Material provided:
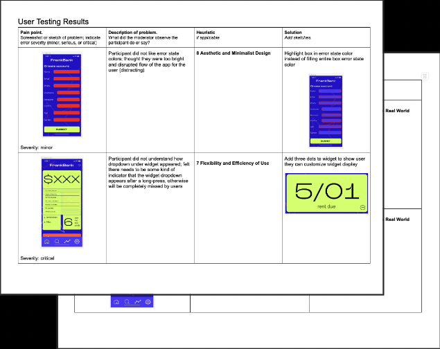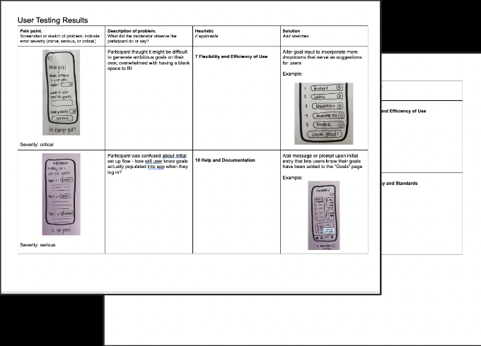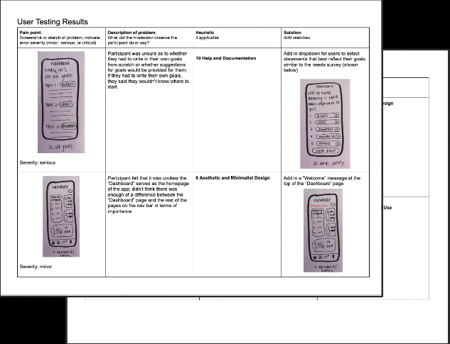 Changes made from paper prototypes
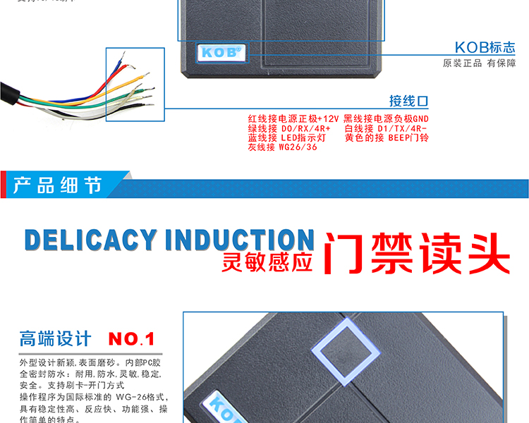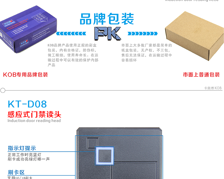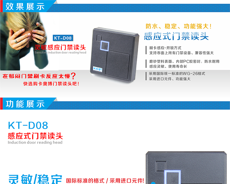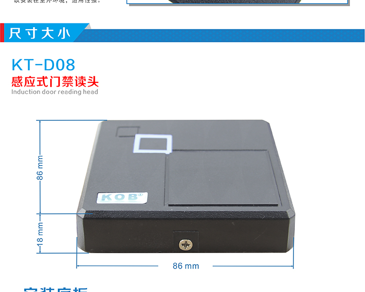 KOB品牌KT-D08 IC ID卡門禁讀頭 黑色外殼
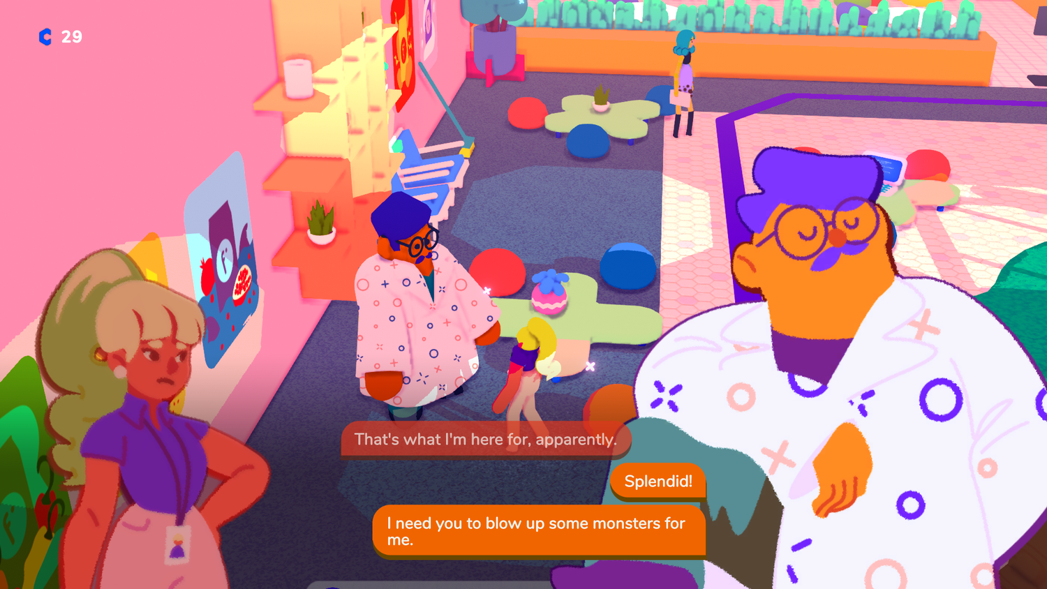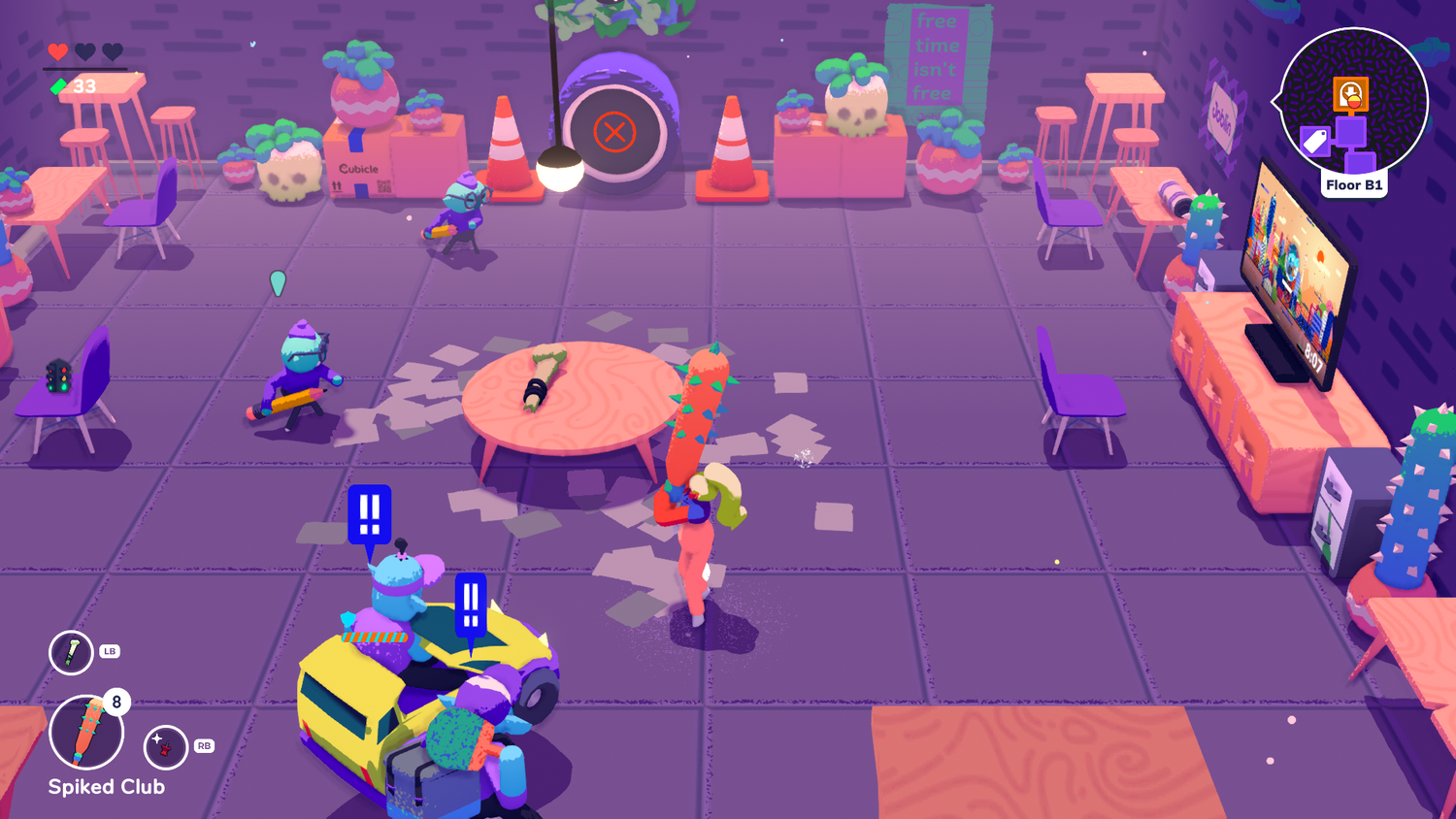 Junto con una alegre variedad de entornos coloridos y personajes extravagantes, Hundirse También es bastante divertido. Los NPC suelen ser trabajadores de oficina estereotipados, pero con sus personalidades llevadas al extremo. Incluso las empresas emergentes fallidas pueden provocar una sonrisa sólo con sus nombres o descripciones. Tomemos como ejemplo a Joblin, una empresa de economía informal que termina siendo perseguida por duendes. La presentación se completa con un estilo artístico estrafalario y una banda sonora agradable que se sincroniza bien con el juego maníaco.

==

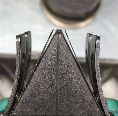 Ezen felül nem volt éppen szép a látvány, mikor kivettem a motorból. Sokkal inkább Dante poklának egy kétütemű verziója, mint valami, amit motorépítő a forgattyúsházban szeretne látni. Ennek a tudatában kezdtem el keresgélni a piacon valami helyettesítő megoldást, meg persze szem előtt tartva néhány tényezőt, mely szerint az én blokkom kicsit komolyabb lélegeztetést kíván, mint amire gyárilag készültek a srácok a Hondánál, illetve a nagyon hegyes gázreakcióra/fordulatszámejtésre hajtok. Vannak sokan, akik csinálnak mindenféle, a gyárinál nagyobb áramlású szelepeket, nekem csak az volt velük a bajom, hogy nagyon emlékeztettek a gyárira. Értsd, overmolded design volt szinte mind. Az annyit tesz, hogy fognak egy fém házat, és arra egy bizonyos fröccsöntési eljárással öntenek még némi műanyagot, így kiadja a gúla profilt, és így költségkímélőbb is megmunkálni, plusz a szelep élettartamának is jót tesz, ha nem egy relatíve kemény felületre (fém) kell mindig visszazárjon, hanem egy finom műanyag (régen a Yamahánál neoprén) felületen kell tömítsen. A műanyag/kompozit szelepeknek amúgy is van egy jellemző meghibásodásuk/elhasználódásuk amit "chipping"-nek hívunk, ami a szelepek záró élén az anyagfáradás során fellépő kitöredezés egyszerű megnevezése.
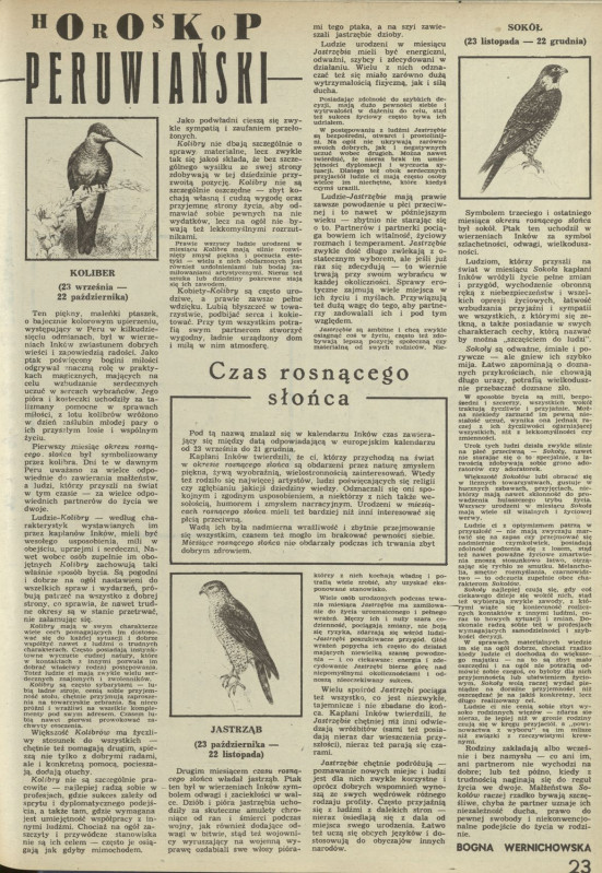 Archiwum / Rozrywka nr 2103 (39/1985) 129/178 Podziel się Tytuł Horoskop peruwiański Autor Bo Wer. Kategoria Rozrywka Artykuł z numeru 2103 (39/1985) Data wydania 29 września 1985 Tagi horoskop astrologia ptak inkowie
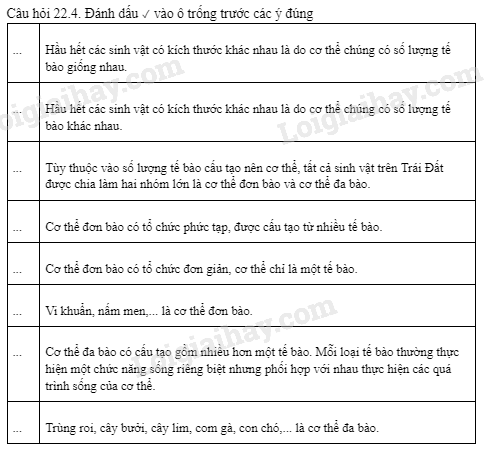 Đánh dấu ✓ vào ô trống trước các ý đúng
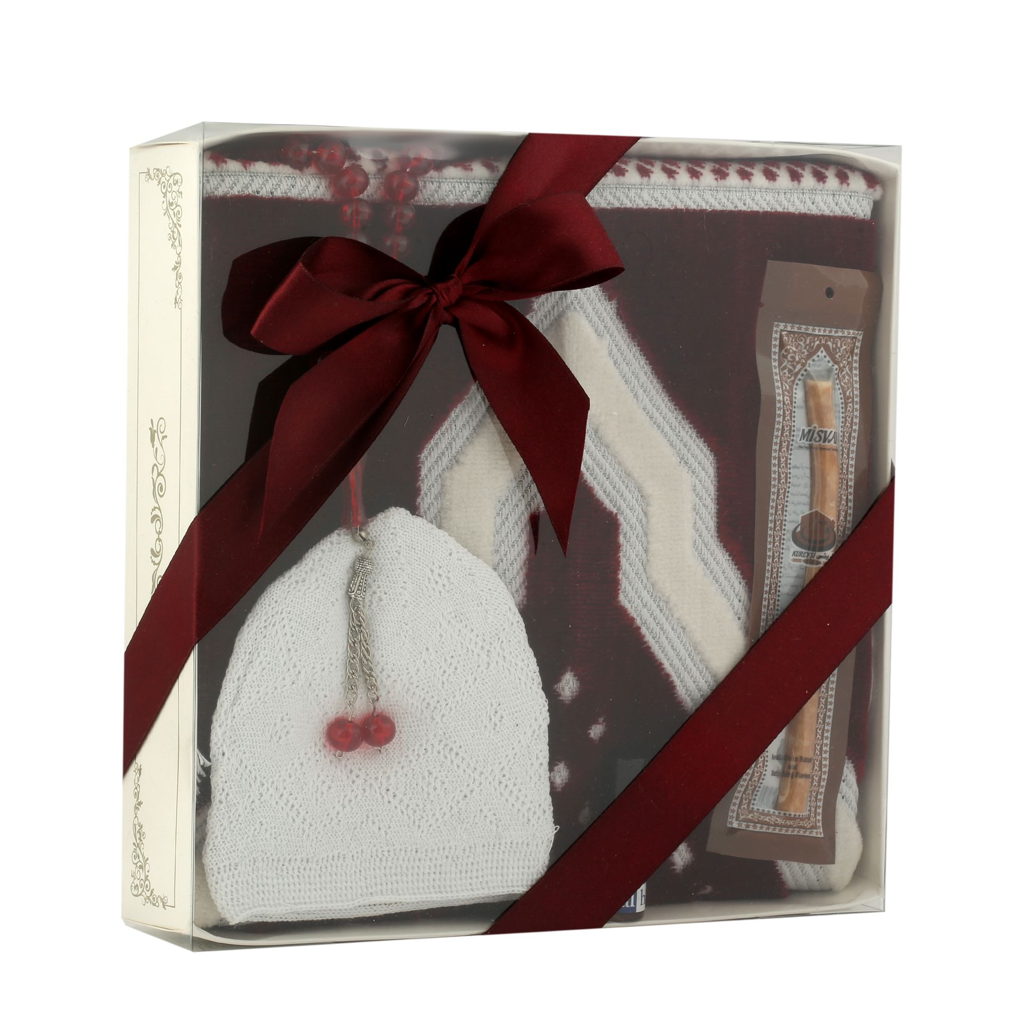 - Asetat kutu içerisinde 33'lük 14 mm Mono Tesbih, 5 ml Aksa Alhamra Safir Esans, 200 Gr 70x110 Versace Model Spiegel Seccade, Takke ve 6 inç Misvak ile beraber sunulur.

Requirement: If a picture sits between the line containing "KOB品牌KT-D08 IC ID卡門禁讀頭 黑色外殼" and the line containing "Junto con una", leave it out, and return the lines of that range above exactly, both ends included.

Solved exercise:
 KOB品牌KT-D08 IC ID卡門禁讀頭 黑色外殼
 Junto con una alegre variedad de entornos coloridos y personajes extravagantes, Hundirse También es bastante divertido. Los NPC suelen ser trabajadores de oficina estereotipados, pero con sus personalidades llevadas al extremo. Incluso las empresas emergentes fallidas pueden provocar una sonrisa sólo con sus nombres o descripciones. Tomemos como ejemplo a Joblin, una empresa de economía informal que termina siendo perseguida por duendes. La presentación se completa con un estilo artístico estrafalario y una banda sonora agradable que se sincroniza bien con el juego maníaco.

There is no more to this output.